MATERIAL PROVIDED:
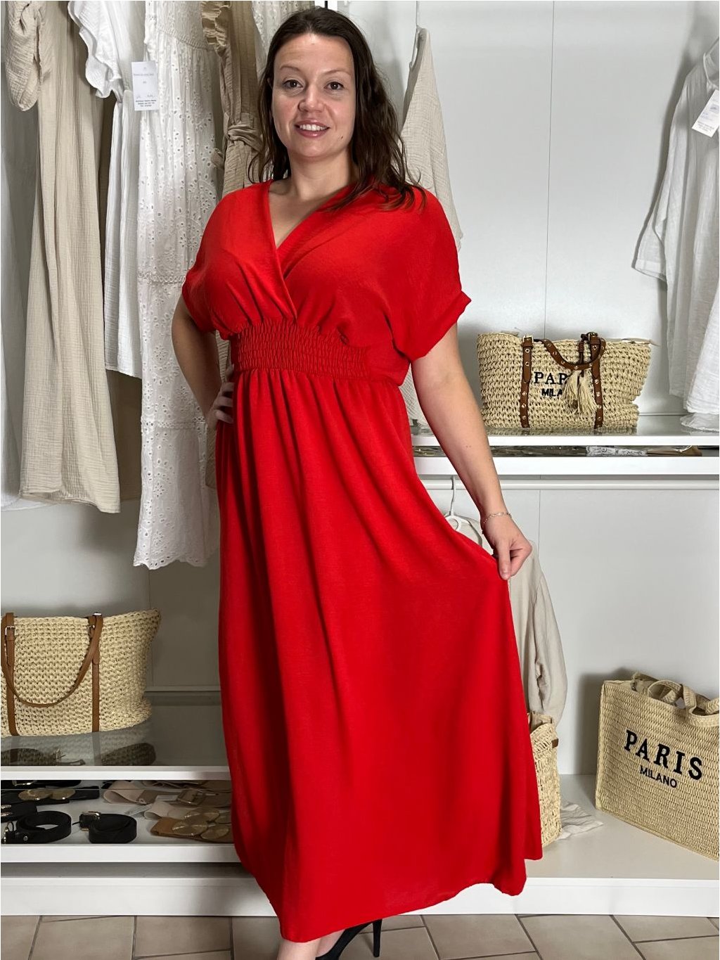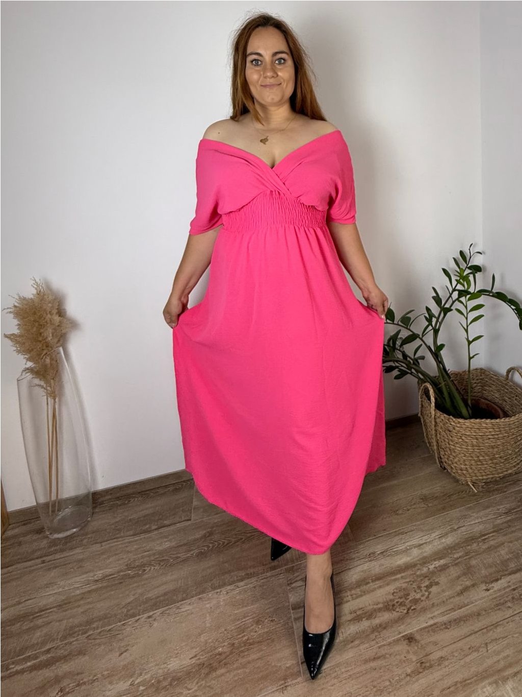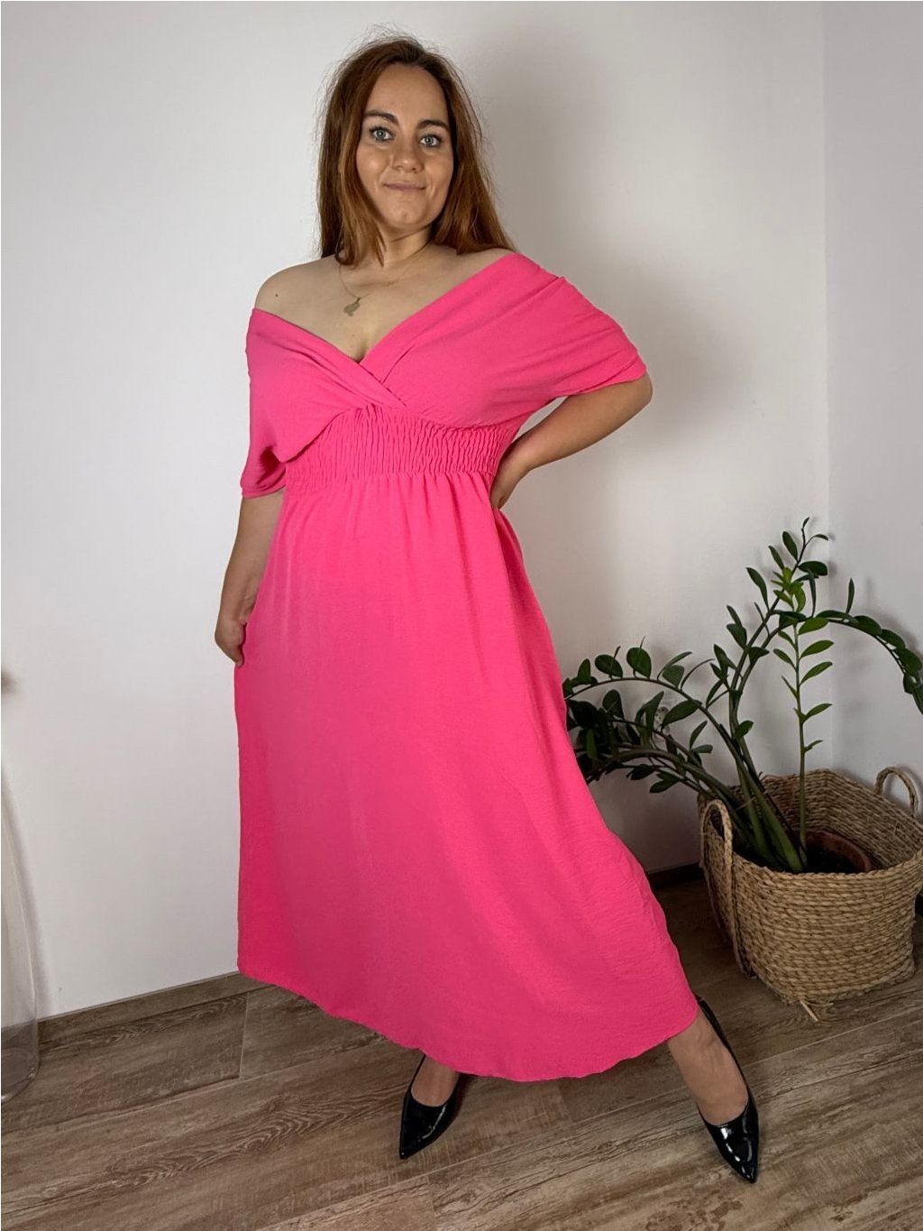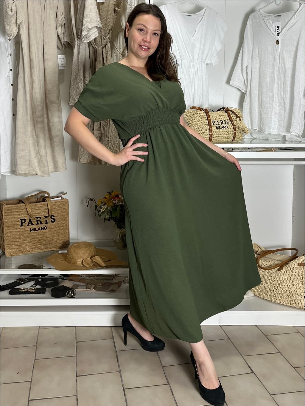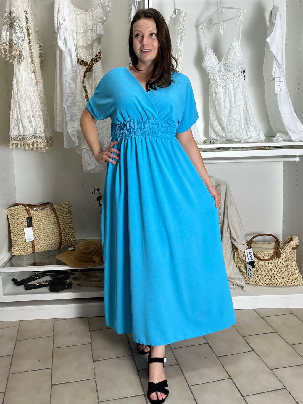 Šaty dlouhé elegantní letní krátký rukáv dámské nadrozměr ASTRA (42/44/46 ONE SIZE) ITALSKÁ MÓDA IM425422
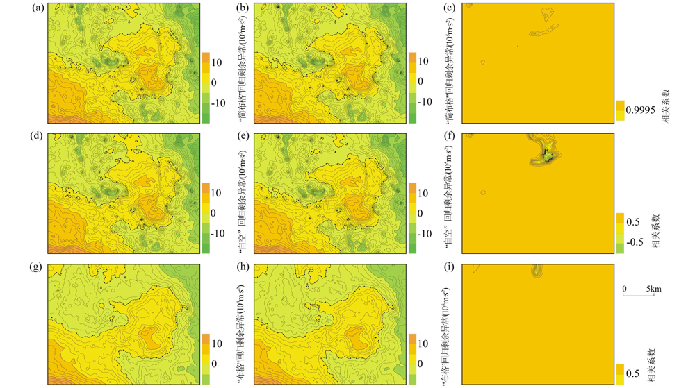 | 图6 B区不同起算点“简布格”、“自空”和“布格”回归剩余异常三者关系对比 a、b—“简布格”回归剩余异常; c—(a)和(b)相关系数; d、e— “自空”回归剩余异常; f—(d)和(e)相关系数;g、h—“布格”回归剩余异常; i—(g)和(h)相关系数 |
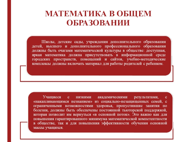 Заключается в том, чтобы математика в России стала передовой и привлекательной областью знания и деятельности, а получение математических знаний – осознанным и внутренне мотивированным процессом
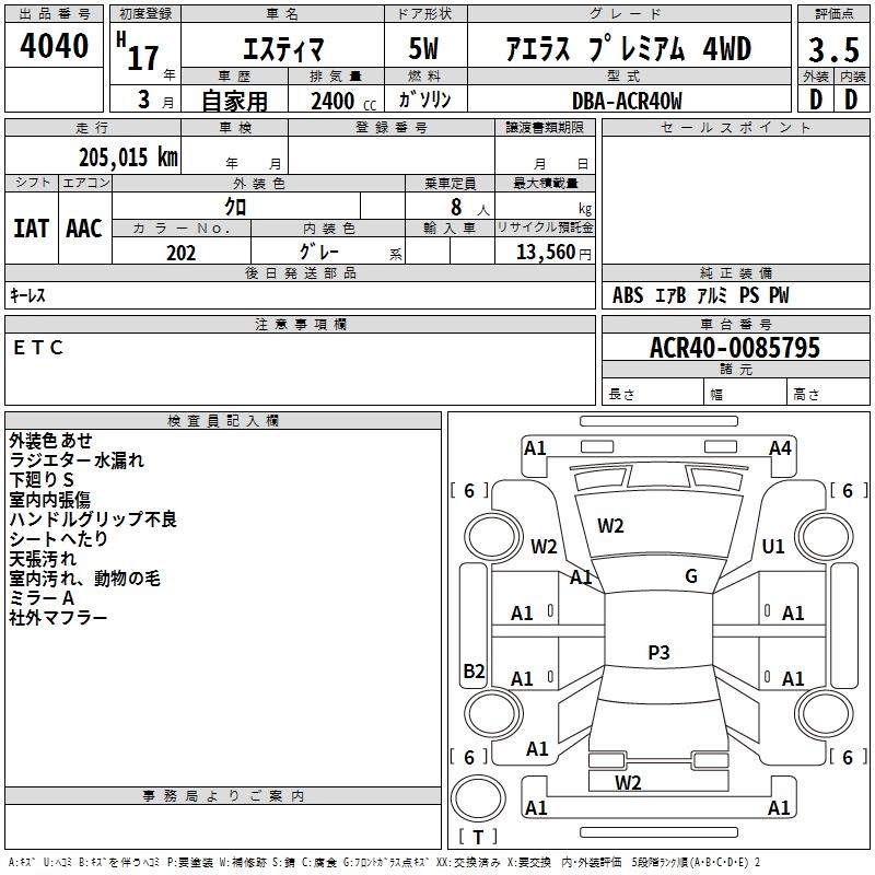 TOYOTA ESTIMA - лот 4040
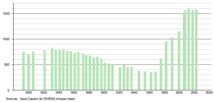 L'évolution du nombre d'habitants est connue à travers les recensements de la population effectués dans la commune depuis 1793. Pour les communes de moins de 10 000 habitants, une enquête de recensement portant sur toute la population est réalisée tous les cinq ans, les populations de référence des années intermédiaires étant quant à elles estimées par interpolation ou extrapolation[18]. Pour la commune, le premier recensement exhaustif entrant dans le cadre du nouveau dispositif a été réalisé en 2007[19].

ACTION ITEM:
All of the records above should be written out exactly, with the pictures left out.

PROBLEM SOLUTION:
 Šaty dlouhé elegantní letní krátký rukáv dámské nadrozměr ASTRA (42/44/46 ONE SIZE) ITALSKÁ MÓDA IM425422
 | 图6 B区不同起算点“简布格”、“自空”和“布格”回归剩余异常三者关系对比 a、b—“简布格”回归剩余异常; c—(a)和(b)相关系数; d、e— “自空”回归剩余异常; f—(d)和(e)相关系数;g、h—“布格”回归剩余异常; i—(g)和(h)相关系数 |
 Заключается в том, чтобы математика в России стала передовой и привлекательной областью знания и деятельности, а получение математических знаний – осознанным и внутренне мотивированным процессом
 TOYOTA ESTIMA - лот 4040
 L'évolution du nombre d'habitants est connue à travers les recensements de la population effectués dans la commune depuis 1793. Pour les communes de moins de 10 000 habitants, une enquête de recensement portant sur toute la population est réalisée tous les cinq ans, les populations de référence des années intermédiaires étant quant à elles estimées par interpolation ou extrapolation[18]. Pour la commune, le premier recensement exhaustif entrant dans le cadre du nouveau dispositif a été réalisé en 2007[19].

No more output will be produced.